11 thoughts on “3 Quotes Challenge & Bookish Memories | The Lovely Bones by Alice Sebold

  1. I love this book! I bought it a long time ago and was looking at it in Asda and a woman I’d never met came up to me and said “you have to buy that book” so I did!!! It touches me on a very personal level too. I’ve read her other books but didn’t like any of them except this one. Good quote choice x

  2. I adored this book too. I bought it because of the hype and all I could think of for weeks after it was of her hearing her mother’s voice getting panicky as she called for her to come in. And now those chills are back. I read ‘Lucky’ soon after and was so in awe of her strength. Haven’t seen the movie, I’m not sure if it’s just that I don’t think I could take some of the scenes or that I’d be afraid I’d be disappointed but I don’t think I will watch it.

    • I’ve avoided the movie too. I saw an ad for it when it first came out and it looked awful – too far removed from the novel for me to want to see it. I very rarely watch movies of books I’ve loved though as I much prefer the characters to be how they are in my head. I read Lucky after The Lovely Bones too – I admired her so much for sharing all that she did.

      • When I saw it was Saoirse Ronan doing it I was happy enough, but then when I saw the hippy dippy clips I was glad I wasn’t going to watch it (and I never really was, I’d find it too harrowing)

  3. I have never read this book, but I have thought about it because it is probably one I would enjoy. I have seen the movie and while I don’t know how it holds up against the book, I do remember a scene where the entire audience of probably 200+ people were holding their breath. We all exhaled at the same time and then started laughing, mostly with relief, I think, as the previous scene had been so tense.

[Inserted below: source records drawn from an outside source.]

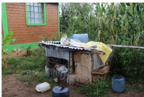
Substandard-Infrastruktur ist eine wichtige Herausforderung für Familien | HFH
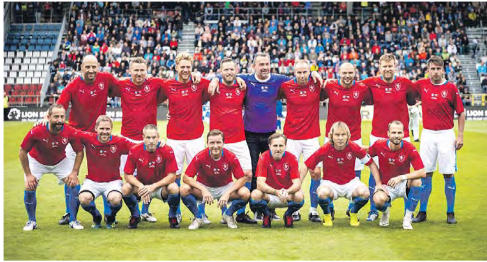
Výběr české reprezentace přehrál tým legend Sigmy 9:2. Vrcholem programu bylo přejmenování východní tribuny, která nyní nese jméno olomouckého rodáka a trenérské ikony Karla Brücknera.

Kvůli zranění Jaromíra Blažka musel do brány, pů-
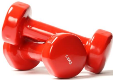
SPORT (Sport- und Fitnessgeräte)

Hohe chemische Beständigkeit für eine außergewöhnliche Fleckenbeständigkeit gegenüber Lebensmittelsubstanzen wie Kaffee, Milch, Wein, Tomaten sowie den gängigsten Haushaltsreinigungsmitteln.
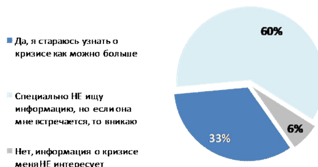
Рис. №2: Сейчас в средствах массовой информации все больше появляется информации о кризисе. Скажите, интересуетесь ли Вы этой информацией?

Порядка 60% опрошенных указали, что информацию о кризисе специально не ищут, но если она попадает, они стараются вникнуть и понять, что происходит в стране и в мире. Еще 1/3 участников исследования отметила, что старается узнать о кризисе как можно больше (см. рис. №2). Именно поэтому эти люди не только внимают, тому, что говорят в новостных программах, но и сами участвуют в поиске интересующих их сведений.
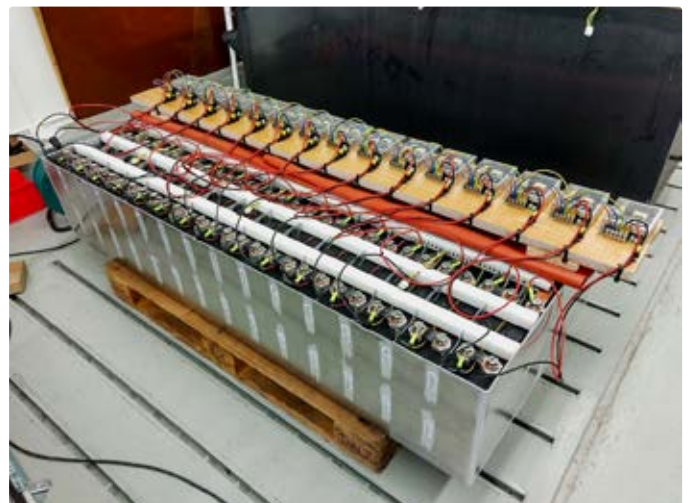
Abbildung 1: Aufbau, um den Ladezustand der einzelnen Zellen eines Teilblocks der E-LKW-Batterie auszugleichen

Aufgrund der Grösse und des Gewichts der Batterien ergaben sich einige Herausforderungen in der Handhabung. Wegen der hohen Spannung von über 400 Volt mussten zudem entsprechende Sicherheitsvorschriften (Handschuhe, Visier) eingehalten werden. Einzelne besonders schlechte Zellen wurden ersetzt durch Zellen aus einer Reservebatterie, welche die E-Force One AG gratis zur Verfügung stellte. Damit verfügt die BFH nun über einen E-LKW mit durchschnittlichen 85% der Anfangskapazität und einen zweiten E-LKW mit einer Kapazität von knapp über 60%, der so allerdings nur noch für Kurzstrecken tauglich sein dürfte.
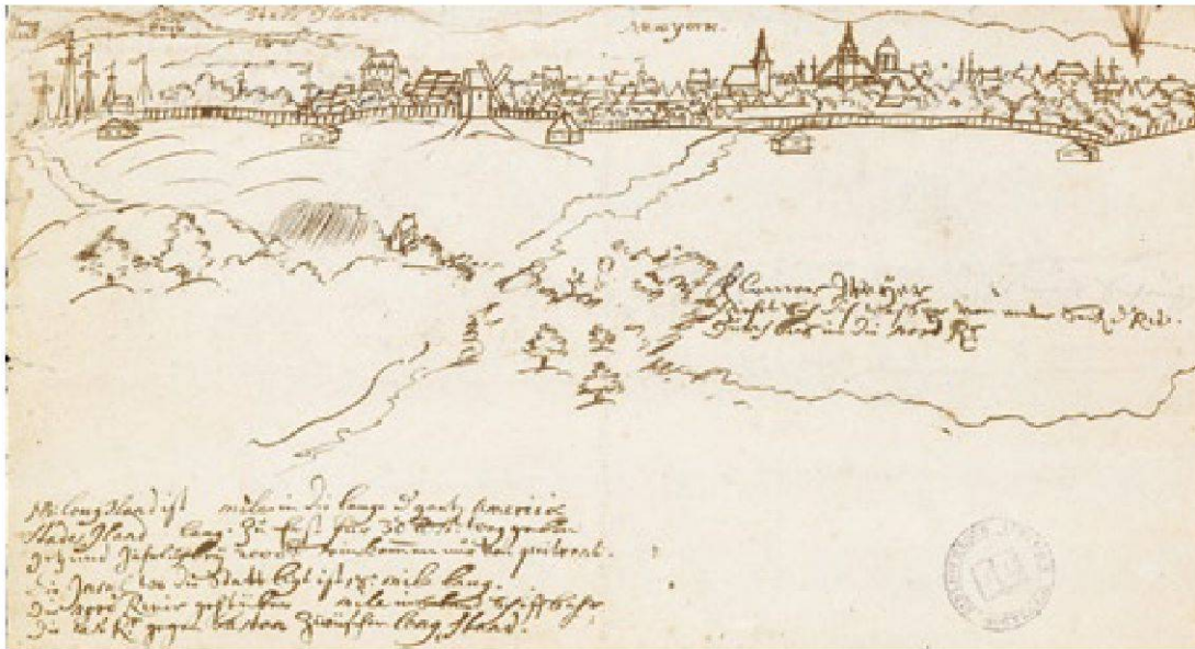
Abb. 11 Bei seiner Rückkehr nach Bern kam von Graffenried 1714 auch in New York vorbei, wo er eine der ersten Zeichnungen der Stadt anfertigte.

nicht in ihrem Fisch- und Jagdrecht eingeschränkt würden. Schliesslich wurde zugesichert, dass sich die Kolonie in Auseinandersetzungen der Indianer mit den Briten künftig neutral verhalten würde. 64 Während der Gefangenschaft von Graffenrieds fanden jedoch Angriffe der Indianer auf New Bern statt. Viele Einwohner kamen um oder wurden vertrieben, und das Städtchen wurde weitgehend zerstört. 65
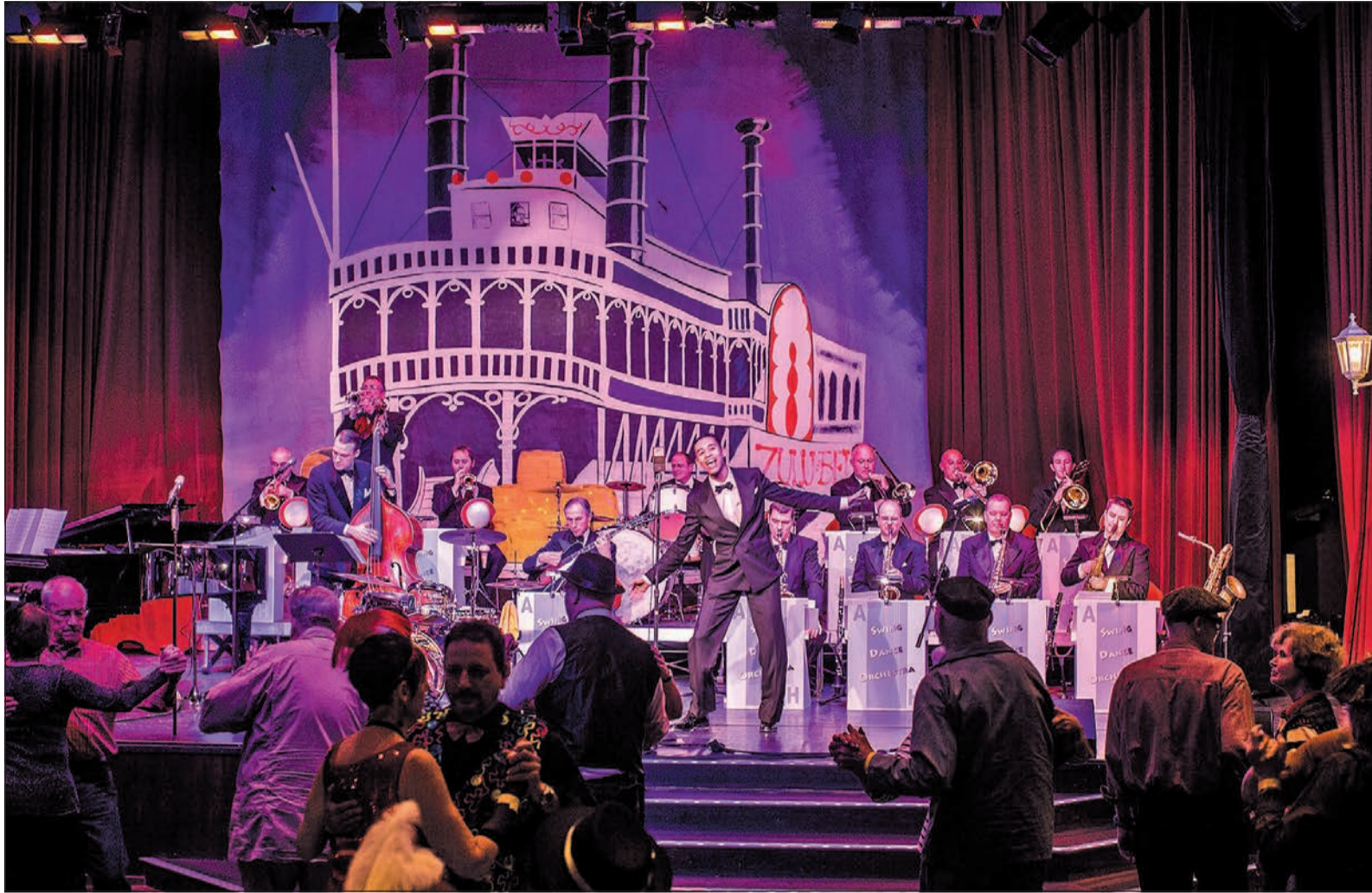
Fast wie in New Orleans...

    • I’ve not seen the movie purely because I loved the book so much but I’ve heard a lot of good things about it since I posted this so I might give it a go. For me, the book has a lot more depth to it than I was expecting and it really resonated with me, it’s definitely one I’d recommend. I hope you enjoy it if you decide to read it.

  4. I adored this book. I read it in French a few years back and it stayed with me long after I finished it. I watched the movie but it lacked the depth of the book. Lucky is on my TBR, I have heard good things about it.